Over in Williamstown, New Brunswick, in the 1870s, a blue-eyed woman with her hair pulled back walked back and forth so many times from the wood stove to her family’s table that over time she wore a path in the soft, wooden floor. She was cooking pancakes for up to seven sons, one daughter, and her husband—if no guests were served. Buckwheat pancakes with molasses.
Hannah’s sixth son, Joseph Allison Emery, said he grew up on those pancakes as part of a poor farming family who could not afford to eat much meat.
They did, however, have plenty of the three-sided grain call buckwheat. And so did their neighbors in New Brunswick, and so did other pioneering families across the border in Maine.
In the border town of Fort Fairfield, for example, Sam Everett, an English farmer known for his large build and great strength, reportedly ate buckwheat pancakes with eggs or pork every morning for breakfast. He lived into his mid-80s as did his wife, Eunice. Was a moderate diet of buckwheat part of their longevity?

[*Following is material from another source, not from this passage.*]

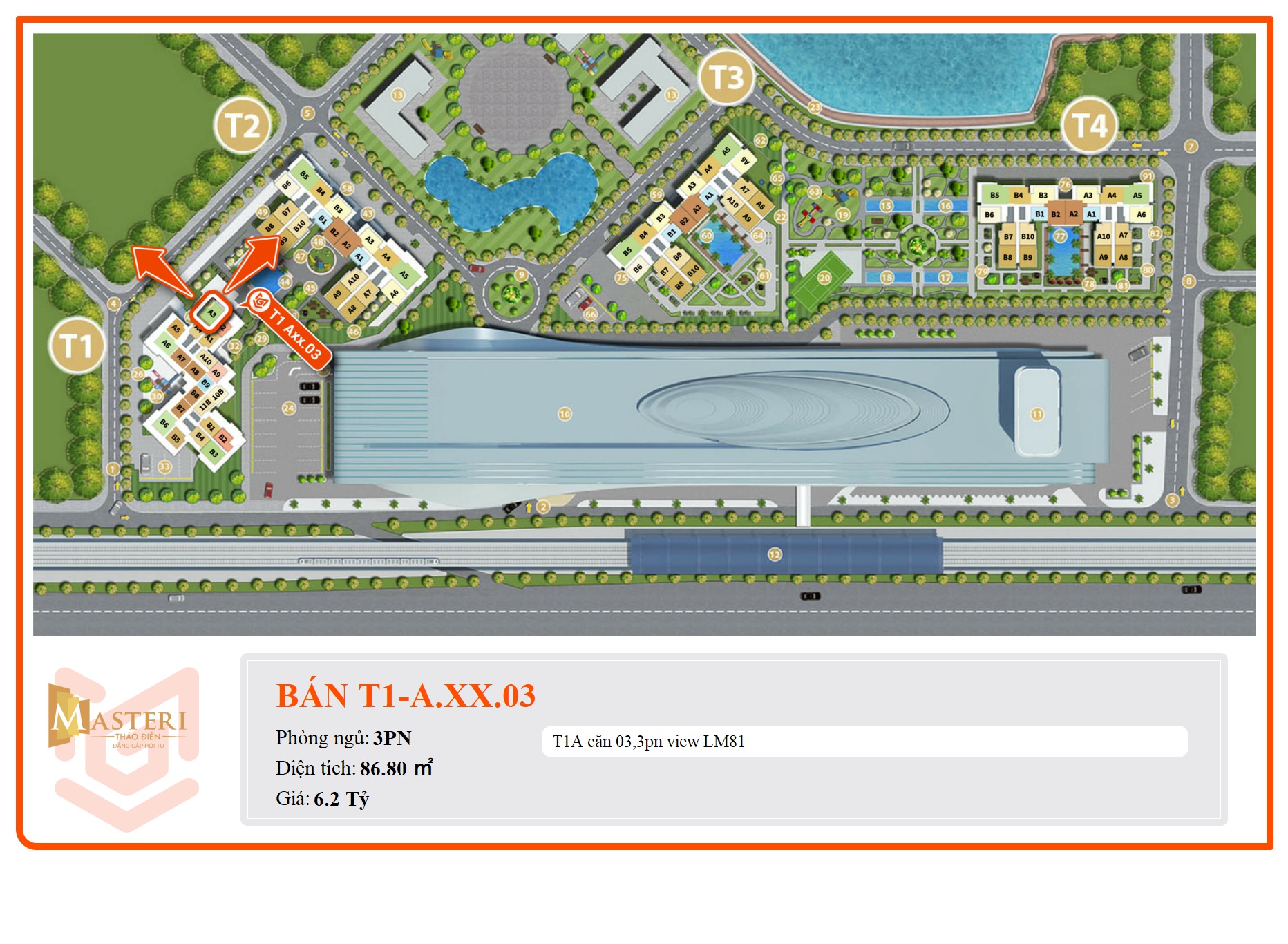 Masteri Thảo Điền là sản phẩm căn hộ cao cấp của tập đoàn Masterise Homes (tiền thân là Thảo Điền Investment). Cách Xa Lộ Hà Nội chỉ vài bước chân, phía sau chỉ 200m là dòng Sông Saigon. Đây thực sự là không gian thiên nhiên trong lành để bạn và gia đình hưởng thụ trọn vẹn hương vị cuộc sống. Ngoài ra, dự án cũng kết nối trực tiếp với ga An Phú (ga số 7), tuyến tàu điện Metro đô thị số 1 Bến Thành – Suối Tiên, đặc biệt bạn chỉ mất 7 phút vào trung tâm Quận 1 và các quận lân cận.

As an adult, Joseph Emery worked for a time on logging drives on the St. John River, a precarious task of hopping from one floating log to another. He then went out to Colorado to visit his brother and help in the mines. He eventually settled in northern Maine, married, raised nine children, and lived into his 90s. He would tell his grandchildren about his childhood days of eating buckwheat pancakes.
From the same plant family as rhubarb, buckwheat can be planted in late spring and harvested before the first frost as the plants mature in 8 to 10 weeks. In poor soil conditions, the grain produces a higher yield than any other grain crop in a cool, moist climate. It can even thrive amongst tree stumps from newly cleared land.
As little as two acres would feed a farming family of four for a year and not even mice could chew through the dark brown shells. Local grist mills ground the seeds into a flour that had more protein and higher amounts of nutrients than the slower growing wheat.
The buckwheat seed hulls were saved from the mills and used for insulating walls in settler homes. The hulls may also have been used to stuff pillows…a practice in some parts of the world to this day.
Many northern farms, settled in the mid to late 1800s, grew more buckwheat on newly turned soil than wheat, oats, or rye. Buckwheat was more dependable for food in uncertain times when store goods were expensive or sparse and growing seasons unpredictable.
In the more northern St. John Valley where Acadians settled decades earlier, Tartary Buckwheat was grown and ground into a light colored flour (with a bitter taste) to make the famous Acadian ployes, eaten as a thin crepe or bread.
The species grown south of the St. John Valley was generally the Common Buckwheat which made a heavier, blue-gray flour with a sweeter taste.
After the local grist mills ceased operation in the 20th Century, the common buckwheat was seldom ground for flour but was still used as a green rotation crop for potatoes. But the memories of its taste and filling features remained in the minds of my parents, Fred and Iris Russell.
One day in 1969 Fred met a salesman who sold him a counter top grist mill from Salt Lake City. Dad grew both wheat and buckwheat that year, harvested the grains, and then had enough of both to grind for wheat breads and buckwheat pancakes all the next year.
About once a month my task was to sort through a bucketful of buckwheat seeds to pick out any stray, small stones. Then Dad set up the mill in the kitchen and ground up coarse wheat for cooked cereal, fine wheat flour for Mom’s baking, and the buckwheat for pancakes. I’d sift the broken hulls out of the flour and then we’d have a meal that next morning of blueberry buckwheat pancakes with New England’s dark, maple syrup.
Years later, I inherited the old mill from my father and found local sources of buckwheat grain to grind. My family did not eat the pancakes nearly as often as Joseph Emery did, but we ate them fairly often, with both our children sifting the flour and mixing the batter.